The Iran Society, founded in 1935
Iran’s ‘Sacred Defence’ and the Politics of Visual Remembrance
Dr Shafaie will take us on a journey from the official discourse of the Iran-Iraq War to the more recent popular war narratives belonging to the Iranian civil society. She will discuss how Iranian leaders perceived and presented the Iran-Iraq War as a ‘Sacred Defence’ and what discursive strategies they used in the building of the Islamic nation-state. She will then show how the Iranian society embarked on making a new generation of war narratives that were multi-vocal and pluralistic in contrast with the monologic war discourse that was engineered by the state. She will illustrate her talk by discussing various vehicles of public visual remembrance such as bank notes, postal stamps, street murals, museums, and films.
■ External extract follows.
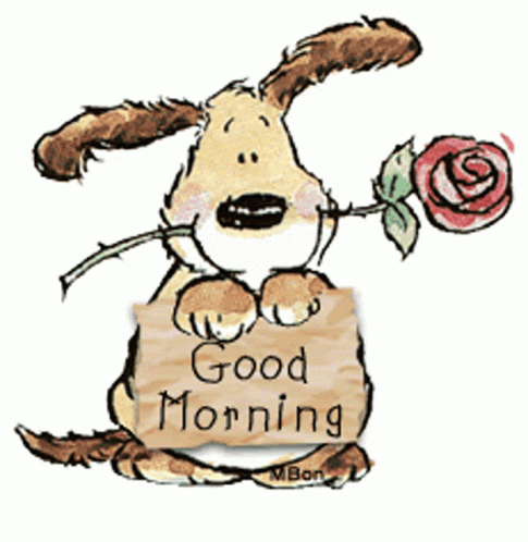 a cartoon drawing of a dog with sunglasses and the words good morning on it

Dr Shirin Shafaie studied philosophy, and philosophy of art in Tehran, and Middle East Politics, and Film and TV in London. She completed her doctoral research on ‘Contemporary Iranian War Narratives: A Dialectical Discourse Analysis’ at SOAS, University of London, where she is currently teaching. She also holds a post-doctoral position at the Centre for Muslim-Christian Studies in Oxford where she works on inter-textual readings of shared sacred narratives. Her research interests are narrative theory, critical war studies, and faith-based diplomacy. She has worked extensively with victims of chemical weapons and war-related mental illness and has been involved in a number of projects at the Tehran Peace Museum and other civil-society movements for inter-religious peace and dialogue. Besides her research activities, Dr Shafaie is the Director of Visual Academics Ltd. that provides professional filmmaking services to universities.